TASK BRIEF:
Please, starting at the line that contains "ボックスシーツ ベッドカバー 周囲ゴムフィット式", reproduce every line exactly until the records run out, skipping all pictures.

DATASET RECORDS:
==*==

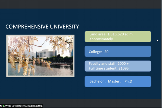 公司介绍环节,先播放了留管部最新制作的国际员工招生视频,随后招生科Trenton就太阳成集团tyc33455ccwww的特色及温州城市特有魅力展开介绍,招生科池老师在最后问答环节就员工关心的奖学金等问题进行了重点阐述和耐心解答。
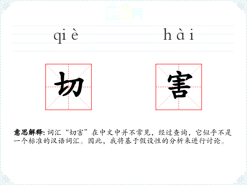 假设“切害”是一个合成词,由“切”和“害”组成。在汉语中,“切”可以表示切割、切断等动作,而“害”则通常指伤害、损害。因此,“切害”可能指的是通过切割或其他方式造成的伤害或损害。
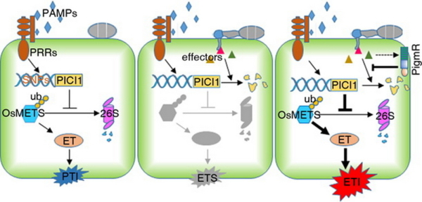 针对以上问题,课题组综合利用植物病理学、蛋白组学、遗传学、分子和生化等实验技术平台,鉴定到新的免疫调控蛋白PICI1,随后发现PICI1作为植物中一类新的去泛素化蛋白酶发挥功能。进一步地,研究人员通过遗传、生化、生理、病理等实验鉴定到PICI1的直接下游底物—蛋氨酸合酶OsMETS,并发现PICI1可以通过降低OsMETS的泛素化水平增强其蛋白稳定性,促进蛋氨酸-乙烯代谢通路,进而激活水稻的免疫反应。至此,研究揭示出一条全新的免疫代谢调控通路(PICI1-OsMETS-ethylene),并且该通路既参与水稻的基础抗病性(PTI)又调控NLR介导的专化型抗病性(ETI)。研究还发现,病原菌可以通过分泌一些毒性蛋白直接降解PICI1,抑制水稻的基础抗病性(PTI)。然而,植物与病原菌长期处于类似于“军备竞赛”的协同进化中,水稻产生的广谱抗病NLR类受体PigmR等通过竞争性抑制病原菌毒性蛋白与PICI1的互作,保护并加强PICI1-OsMETS-乙烯代谢通路,从而激发更强烈的ETI抗性。这是一个新的植物与病原菌“军备竞赛”的互作研究范例,首次回答了植物在与病原菌协同进化过程中,如何通过增强防卫代谢以获得广谱抗病性的科学问题,并从基础代谢的角度揭示了水稻NLR受体介导的专化性抗病性依赖于基础抗病性的保守机制,为水稻及农作物的抗病育种设计奠定了理论基础。
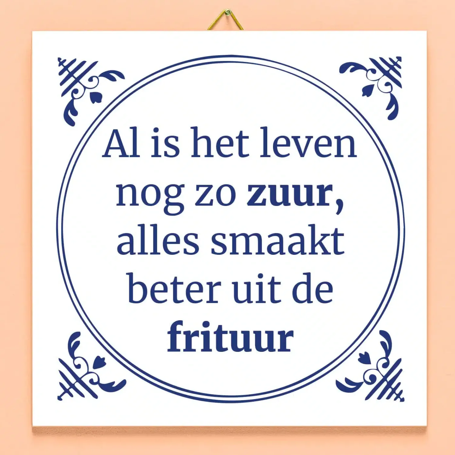 Geen AirFryer voor jou: jij kookt je dagelijkse kost gewoon in de frituur. Want al is het leven nog zo zuur, alles smaakt beter uit de frituur. En dat is precies het motto van ons Tegeltje Al is het leven nog zo zuur.
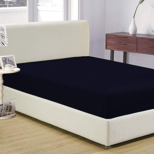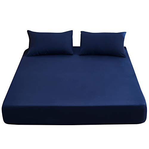 ボックスシーツ ベッドカバー 周囲ゴムフィット式 綿100% 夏すずしい 冬あったかい 無地 ネイビー クイン 160
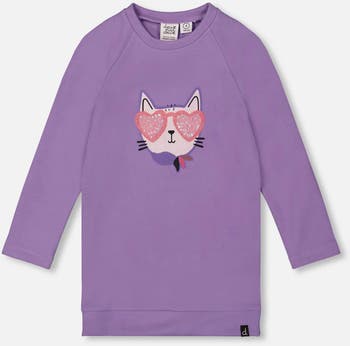 A cat wearing sparkling heart-shaped sunglasses add a touch of shimmer to this playful purple gray tunic top. In soft and stretchy jersey fabric, this darling tunic tee features long raglan sleeves, a round neckline, a wide band at the hem, and a sunglass-wearing kitty cat graphic on the chest.

==*==

SOLUTION:
 ボックスシーツ ベッドカバー 周囲ゴムフィット式 綿100% 夏すずしい 冬あったかい 無地 ネイビー クイン 160
 A cat wearing sparkling heart-shaped sunglasses add a touch of shimmer to this playful purple gray tunic top. In soft and stretchy jersey fabric, this darling tunic tee features long raglan sleeves, a round neckline, a wide band at the hem, and a sunglass-wearing kitty cat graphic on the chest.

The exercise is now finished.